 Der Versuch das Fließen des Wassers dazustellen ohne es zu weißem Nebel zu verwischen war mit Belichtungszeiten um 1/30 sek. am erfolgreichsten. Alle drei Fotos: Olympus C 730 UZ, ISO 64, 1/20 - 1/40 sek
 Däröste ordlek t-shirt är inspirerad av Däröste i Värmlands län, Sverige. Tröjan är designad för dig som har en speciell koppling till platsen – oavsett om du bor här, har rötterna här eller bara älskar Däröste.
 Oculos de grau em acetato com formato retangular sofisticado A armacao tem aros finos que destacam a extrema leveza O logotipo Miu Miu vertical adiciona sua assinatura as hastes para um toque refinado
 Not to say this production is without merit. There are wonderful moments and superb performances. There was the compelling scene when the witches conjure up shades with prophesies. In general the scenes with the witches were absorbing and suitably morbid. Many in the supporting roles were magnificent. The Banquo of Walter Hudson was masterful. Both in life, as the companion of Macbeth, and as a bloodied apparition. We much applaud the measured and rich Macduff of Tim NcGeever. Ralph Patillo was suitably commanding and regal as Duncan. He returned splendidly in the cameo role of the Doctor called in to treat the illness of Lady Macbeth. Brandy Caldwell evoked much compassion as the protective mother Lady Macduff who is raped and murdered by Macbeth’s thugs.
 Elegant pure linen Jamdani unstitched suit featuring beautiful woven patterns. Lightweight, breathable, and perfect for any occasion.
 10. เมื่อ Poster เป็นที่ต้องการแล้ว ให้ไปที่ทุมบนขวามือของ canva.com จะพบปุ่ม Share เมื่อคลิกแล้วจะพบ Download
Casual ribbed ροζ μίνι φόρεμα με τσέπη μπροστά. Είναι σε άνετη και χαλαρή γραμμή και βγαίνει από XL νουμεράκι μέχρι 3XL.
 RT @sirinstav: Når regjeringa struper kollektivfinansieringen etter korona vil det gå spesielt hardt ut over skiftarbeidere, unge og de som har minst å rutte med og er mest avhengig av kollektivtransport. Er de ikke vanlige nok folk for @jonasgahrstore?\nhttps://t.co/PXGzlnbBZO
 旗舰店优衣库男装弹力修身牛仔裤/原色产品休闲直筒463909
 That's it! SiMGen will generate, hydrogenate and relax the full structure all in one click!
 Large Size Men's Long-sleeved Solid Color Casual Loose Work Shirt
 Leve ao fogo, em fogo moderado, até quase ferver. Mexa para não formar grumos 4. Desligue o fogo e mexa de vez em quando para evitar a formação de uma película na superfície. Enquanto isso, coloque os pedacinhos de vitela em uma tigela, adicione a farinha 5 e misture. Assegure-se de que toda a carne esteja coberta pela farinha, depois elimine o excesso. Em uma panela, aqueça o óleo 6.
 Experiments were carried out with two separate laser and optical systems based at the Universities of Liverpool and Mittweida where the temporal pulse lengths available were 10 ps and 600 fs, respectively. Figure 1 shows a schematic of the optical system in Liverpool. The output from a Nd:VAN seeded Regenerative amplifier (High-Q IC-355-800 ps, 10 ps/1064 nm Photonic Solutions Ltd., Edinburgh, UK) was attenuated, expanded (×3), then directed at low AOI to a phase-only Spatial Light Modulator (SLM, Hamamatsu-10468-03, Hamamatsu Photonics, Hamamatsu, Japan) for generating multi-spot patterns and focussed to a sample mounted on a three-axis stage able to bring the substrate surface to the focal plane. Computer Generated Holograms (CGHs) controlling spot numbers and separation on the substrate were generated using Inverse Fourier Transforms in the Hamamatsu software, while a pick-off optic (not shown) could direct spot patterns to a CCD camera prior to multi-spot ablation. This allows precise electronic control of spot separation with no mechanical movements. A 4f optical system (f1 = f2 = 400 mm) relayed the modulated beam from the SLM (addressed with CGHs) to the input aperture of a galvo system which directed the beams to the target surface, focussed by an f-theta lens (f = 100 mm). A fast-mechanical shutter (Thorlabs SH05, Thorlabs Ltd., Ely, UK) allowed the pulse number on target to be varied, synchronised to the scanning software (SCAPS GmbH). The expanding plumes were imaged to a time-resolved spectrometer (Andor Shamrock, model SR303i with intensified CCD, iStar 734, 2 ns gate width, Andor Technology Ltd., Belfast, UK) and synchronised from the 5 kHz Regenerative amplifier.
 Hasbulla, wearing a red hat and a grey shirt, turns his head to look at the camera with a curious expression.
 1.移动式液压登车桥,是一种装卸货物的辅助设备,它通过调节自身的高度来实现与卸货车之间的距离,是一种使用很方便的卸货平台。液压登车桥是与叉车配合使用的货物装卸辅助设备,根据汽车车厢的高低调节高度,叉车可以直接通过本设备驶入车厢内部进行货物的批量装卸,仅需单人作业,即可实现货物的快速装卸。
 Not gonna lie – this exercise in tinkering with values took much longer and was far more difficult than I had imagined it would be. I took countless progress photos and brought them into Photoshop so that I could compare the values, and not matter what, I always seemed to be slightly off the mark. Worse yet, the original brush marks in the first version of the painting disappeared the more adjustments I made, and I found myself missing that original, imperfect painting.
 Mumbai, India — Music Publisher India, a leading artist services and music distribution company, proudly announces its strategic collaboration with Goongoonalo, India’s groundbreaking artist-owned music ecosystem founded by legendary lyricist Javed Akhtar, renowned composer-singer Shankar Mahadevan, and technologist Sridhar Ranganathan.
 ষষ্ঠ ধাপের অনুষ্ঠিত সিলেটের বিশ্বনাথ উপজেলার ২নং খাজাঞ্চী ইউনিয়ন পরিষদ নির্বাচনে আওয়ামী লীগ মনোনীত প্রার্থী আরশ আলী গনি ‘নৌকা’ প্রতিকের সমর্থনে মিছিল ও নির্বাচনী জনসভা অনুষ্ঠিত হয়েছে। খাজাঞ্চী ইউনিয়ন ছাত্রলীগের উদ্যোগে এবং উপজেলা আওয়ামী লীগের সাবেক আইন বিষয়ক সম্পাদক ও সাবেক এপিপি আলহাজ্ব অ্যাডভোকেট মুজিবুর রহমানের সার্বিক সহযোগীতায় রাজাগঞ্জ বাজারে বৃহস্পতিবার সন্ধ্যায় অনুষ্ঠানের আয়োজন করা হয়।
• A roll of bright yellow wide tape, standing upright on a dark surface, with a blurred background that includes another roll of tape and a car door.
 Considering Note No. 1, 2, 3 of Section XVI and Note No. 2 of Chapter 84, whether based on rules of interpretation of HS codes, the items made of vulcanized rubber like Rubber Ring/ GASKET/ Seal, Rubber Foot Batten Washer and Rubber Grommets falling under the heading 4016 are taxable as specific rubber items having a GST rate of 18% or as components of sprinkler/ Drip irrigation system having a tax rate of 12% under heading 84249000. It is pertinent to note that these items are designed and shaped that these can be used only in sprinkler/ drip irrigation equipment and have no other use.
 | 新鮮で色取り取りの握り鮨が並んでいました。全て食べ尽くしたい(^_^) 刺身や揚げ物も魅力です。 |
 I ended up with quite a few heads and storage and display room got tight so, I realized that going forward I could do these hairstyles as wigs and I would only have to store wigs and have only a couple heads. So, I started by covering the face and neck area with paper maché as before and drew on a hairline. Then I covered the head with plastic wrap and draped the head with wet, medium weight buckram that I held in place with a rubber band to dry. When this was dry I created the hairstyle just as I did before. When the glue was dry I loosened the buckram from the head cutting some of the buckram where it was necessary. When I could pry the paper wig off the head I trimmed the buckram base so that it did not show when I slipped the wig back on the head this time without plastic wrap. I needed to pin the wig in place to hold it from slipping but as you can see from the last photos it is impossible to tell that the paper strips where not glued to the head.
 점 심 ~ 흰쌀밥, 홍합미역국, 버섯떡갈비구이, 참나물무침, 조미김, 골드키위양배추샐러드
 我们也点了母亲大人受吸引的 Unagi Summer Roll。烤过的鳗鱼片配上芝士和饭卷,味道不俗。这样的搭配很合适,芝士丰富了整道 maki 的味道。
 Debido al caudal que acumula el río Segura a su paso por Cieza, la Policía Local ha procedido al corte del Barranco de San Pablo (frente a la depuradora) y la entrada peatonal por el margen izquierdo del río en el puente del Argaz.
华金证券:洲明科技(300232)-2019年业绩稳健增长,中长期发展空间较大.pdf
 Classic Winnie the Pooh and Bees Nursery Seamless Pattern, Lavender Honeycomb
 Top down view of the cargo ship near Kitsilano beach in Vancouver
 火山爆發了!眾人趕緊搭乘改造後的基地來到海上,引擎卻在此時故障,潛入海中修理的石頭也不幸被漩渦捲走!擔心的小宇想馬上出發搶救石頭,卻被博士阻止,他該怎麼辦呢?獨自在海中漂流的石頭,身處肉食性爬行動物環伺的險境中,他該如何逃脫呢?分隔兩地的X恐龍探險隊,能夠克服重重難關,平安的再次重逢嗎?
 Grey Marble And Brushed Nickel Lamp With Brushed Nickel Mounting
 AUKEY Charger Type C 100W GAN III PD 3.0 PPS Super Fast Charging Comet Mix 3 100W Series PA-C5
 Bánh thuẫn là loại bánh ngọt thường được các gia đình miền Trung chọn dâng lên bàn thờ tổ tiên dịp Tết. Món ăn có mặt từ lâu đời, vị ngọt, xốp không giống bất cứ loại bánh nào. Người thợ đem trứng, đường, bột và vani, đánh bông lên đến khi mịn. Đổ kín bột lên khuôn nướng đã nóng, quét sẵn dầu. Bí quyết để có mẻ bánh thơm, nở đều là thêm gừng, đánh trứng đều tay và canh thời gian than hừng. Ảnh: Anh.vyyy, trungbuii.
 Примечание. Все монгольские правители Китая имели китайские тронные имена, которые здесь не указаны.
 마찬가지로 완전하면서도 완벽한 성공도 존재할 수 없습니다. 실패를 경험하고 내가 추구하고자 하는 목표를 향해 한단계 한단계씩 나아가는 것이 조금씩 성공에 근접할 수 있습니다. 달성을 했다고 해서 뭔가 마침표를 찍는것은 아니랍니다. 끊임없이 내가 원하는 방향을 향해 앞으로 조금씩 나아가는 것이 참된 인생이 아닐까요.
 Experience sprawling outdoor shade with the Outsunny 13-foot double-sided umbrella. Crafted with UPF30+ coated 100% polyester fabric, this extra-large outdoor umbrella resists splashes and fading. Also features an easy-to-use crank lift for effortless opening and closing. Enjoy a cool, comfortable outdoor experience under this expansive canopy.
══════════════════════════════
▸ **TO DO**:
Give an exact copy of the lines above from the line with "Classic Winnie the" up to and including the line with "마찬가지로 완전하면서도 완벽한", and leave everything else out.

▸ **ANSWER SPACE**:
 Classic Winnie the Pooh and Bees Nursery Seamless Pattern, Lavender Honeycomb
 Top down view of the cargo ship near Kitsilano beach in Vancouver
 火山爆發了!眾人趕緊搭乘改造後的基地來到海上,引擎卻在此時故障,潛入海中修理的石頭也不幸被漩渦捲走!擔心的小宇想馬上出發搶救石頭,卻被博士阻止,他該怎麼辦呢?獨自在海中漂流的石頭,身處肉食性爬行動物環伺的險境中,他該如何逃脫呢?分隔兩地的X恐龍探險隊,能夠克服重重難關,平安的再次重逢嗎?
 Grey Marble And Brushed Nickel Lamp With Brushed Nickel Mounting
 AUKEY Charger Type C 100W GAN III PD 3.0 PPS Super Fast Charging Comet Mix 3 100W Series PA-C5
 Bánh thuẫn là loại bánh ngọt thường được các gia đình miền Trung chọn dâng lên bàn thờ tổ tiên dịp Tết. Món ăn có mặt từ lâu đời, vị ngọt, xốp không giống bất cứ loại bánh nào. Người thợ đem trứng, đường, bột và vani, đánh bông lên đến khi mịn. Đổ kín bột lên khuôn nướng đã nóng, quét sẵn dầu. Bí quyết để có mẻ bánh thơm, nở đều là thêm gừng, đánh trứng đều tay và canh thời gian than hừng. Ảnh: Anh.vyyy, trungbuii.
 Примечание. Все монгольские правители Китая имели китайские тронные имена, которые здесь не указаны.
 마찬가지로 완전하면서도 완벽한 성공도 존재할 수 없습니다. 실패를 경험하고 내가 추구하고자 하는 목표를 향해 한단계 한단계씩 나아가는 것이 조금씩 성공에 근접할 수 있습니다. 달성을 했다고 해서 뭔가 마침표를 찍는것은 아니랍니다. 끊임없이 내가 원하는 방향을 향해 앞으로 조금씩 나아가는 것이 참된 인생이 아닐까요.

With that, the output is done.